I am writing this on the eve of my birthday. An act of rebellion to the self. Resisting an urge to postpone any longer. Pulling the inertia of living without being alive. I felt this jolt before. It is however a different experience this time. I am aware.

This awareness is a gift that has made time slow down. It has awakened a childlikeness in me. Irony, i might say because in my 26 years of existence, old always appeared golden. That is my geek speak for living in the future and the past at the same time. Clogged by a past of imperfection and hoping for a future of success. Not a bad deal for it is exercise for the soul. But too often we forget about the Now.

My transformation has not been instant, its been a series of victories and lessons, of joy and confusion. I am more because of these, i realize now, but for a while i was lost. So with a start up to build, a ton of responsibility, i am smiling.
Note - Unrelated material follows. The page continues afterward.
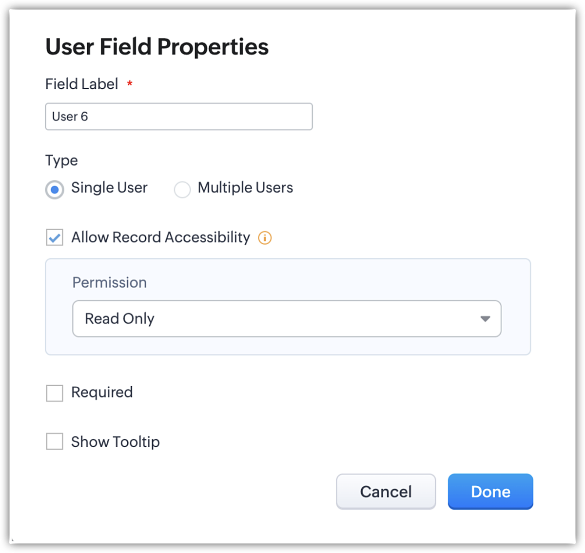 Tramite la modifica delle proprietà del campo , è possibile cambiare l'etichetta del campo e aggiungere un tooltip. È inoltre possibile visualizzare un'anteprima del tooltip.

I embrace who i am.

I have learnt a couple of things over the last two years. Hating the world i was supposedly to change. Feeling like i had barely survived a five years requirement to become a mechanical engineer in Kenya. I was a mess. For a while could not find my footing, or seem to generate enough hope to believe that such a state exists. And then a change.

Tales aside, read a book, read so many. Its called food for thought. Facebook could count but that’s like feeding a lion popcorn. Google better, its a tool, a skill that has made my personal development easier. Keep learning it is the best way to remain young.

My greatest lesson so far is that I am a creator. My thoughts, words and actions have a bearing. I am the man in the mirror. Meditate, think of it as wiping the foggy mirror. All you need is within you. Watch you’re attitude its the lenses through which you view and sense the world. Your dream is valid. But what you sow you reap. So smile, laugh for it brings about joy to the surface. There exists a deliberateness inside of me. So i will make me a small toast to celebrate my life.

Here ;Do and do with all. Assess, decide, do That’s the simplicity of genius. Most importantly be alive, accepting your destiny is part of the destiny.